Press Room: Tax Release

December 22, 2019

Proposed Regulations on SALT Cap Workarounds Maintain Focus on State-Created Charities, But Remain Silent on Pass-Through Planning

Treasury and IRS released proposed rules incorporating earlier guidance on the treatment of payments made to charitable organizations in return for tax credits as payments of state or local taxes for federal income tax purposes. The issuance of proposed regulations follows the adoption of final regulations in June aimed at thwarting the use of state-created charitable funds as workarounds of the $10,000 cap on state and local tax (SALT) deductions.

Unaddressed by the proposed regulations are the SALT cap workarounds adopted by several states involving entity-level state income tax on pass-throughs, with offsetting state tax credits for the entity’s members.

Background

The Tax Cuts and Jobs Act (TCJA) capped at $10,000 the amount of state and local tax payments that filers could deduct from their federal tax returns. States such as California, Connecticut, New Jersey, New York, and Oregon responded by attempting to create workarounds designed to help residents circumvent the $10,000 limit on deductions for state and local taxes.

Under such plans, residents could, instead of paying state property tax, choose instead to donate to a state-created charitable fund. A resident could deduct the amount of the donation on their federal tax return and also receive a state tax credit. Both of these benefits would help mitigate the effect of the lower federal deduction for state and local taxes.

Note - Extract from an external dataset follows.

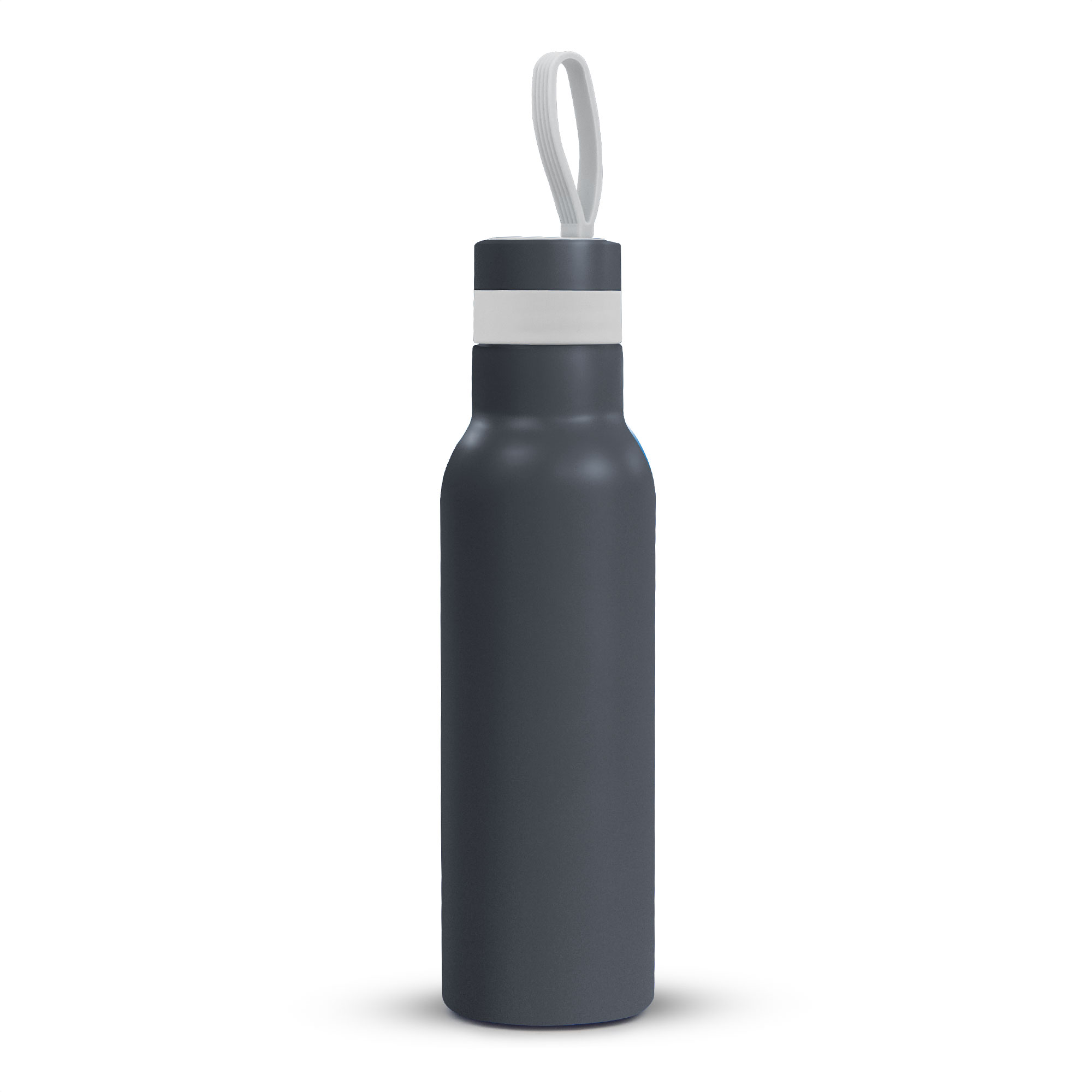 Ø 6 8 x 24 5 cm Capacidad 500 ml Acero inoxidable Botella Vacuum Interior en acero 304 y exterior en acero 201 Acabado satinado mate Detalle de agarre siliconado gris Mantiene hasta 8 hs la temperatura de las bebidas calientes y hasta 12 hs la de las bebidas frías Presentación en caja de regalo Kraft
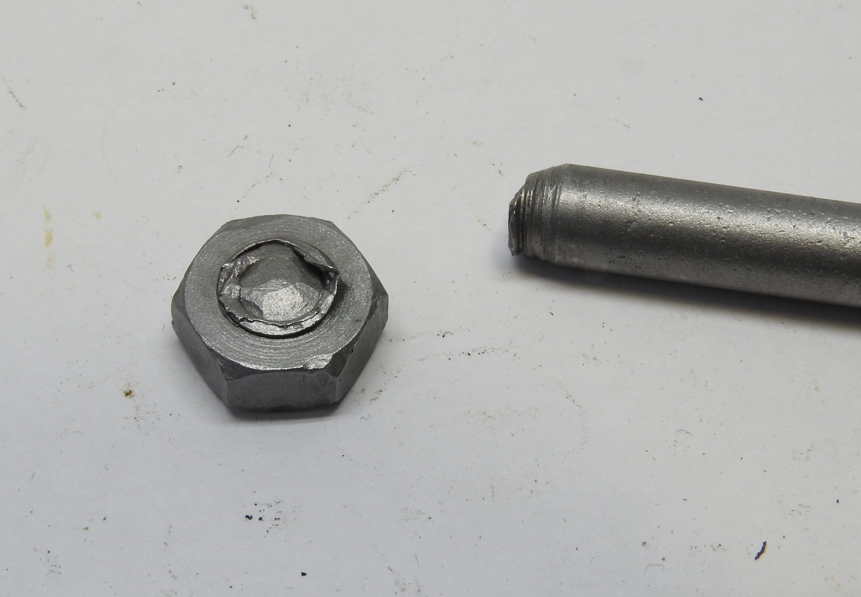 In addition to hammering over the end of the bolts, another favourite technique to secure a nut was to hammer a sharp pointy thing into the bolt threads as pictured above. Was it effective? Ask Davey, D. who tried to spin a nut off just such a bolt. The result, above.

Although the Democratic-led House passed a bill to repeal the $10,000 cap, the measure is not likely to advance in the Republican-led Senate.

New Proposed Regulations

The proposed rules incorporate Notice 2019-12, related to the situation where the taxpayer’s state and local tax deduction is less than the $10,000 cap, offering a safe harbor where reduction of the charitable contribution deduction for the state and local tax credit is not necessary or is only partially necessary. The proposed rules also incorporate the safe harbor previously provided in Rev. Proc. 2019-12 for situations involving payments by business entities where a state and local tax credit is received in connection with a charitable contribution.


Under the safe harbor, a C corporation can generally treat a contribution for which it receives a credit as an ordinary and necessary business expense. A pass-through entity may treat a contribution as an ordinary and necessary business expense to the extent the tax credit reduces a state and local tax other than an income tax (such as a property tax) which is deducted by the entity and not passed through to the individual owners. A sole proprietorship cannot treat any contribution in exchange for a tax credit as an ordinary and necessary business expense.

For example, the proposed regulations explain that if a partnership donates $1,000 to a state-created charitable fund and it believes that doing so will generate a significant degree of name recognition and goodwill, the partnership may treat the payment as an expense of carrying on a trade or business. This result is unchanged if under the state’s tax credit program, the partnership is entitled to receive a $1,000 income tax credit as a result of the payment.

The proposed regulations also clarify that a payment to a charitable entity that results in a return benefit is a quid pro quo for purposes of the deduction for charitable contributions. As a result, the contribution is reduced by the amount of the return benefit for purposes of determining the amount allowable as a charitable contribution deduction.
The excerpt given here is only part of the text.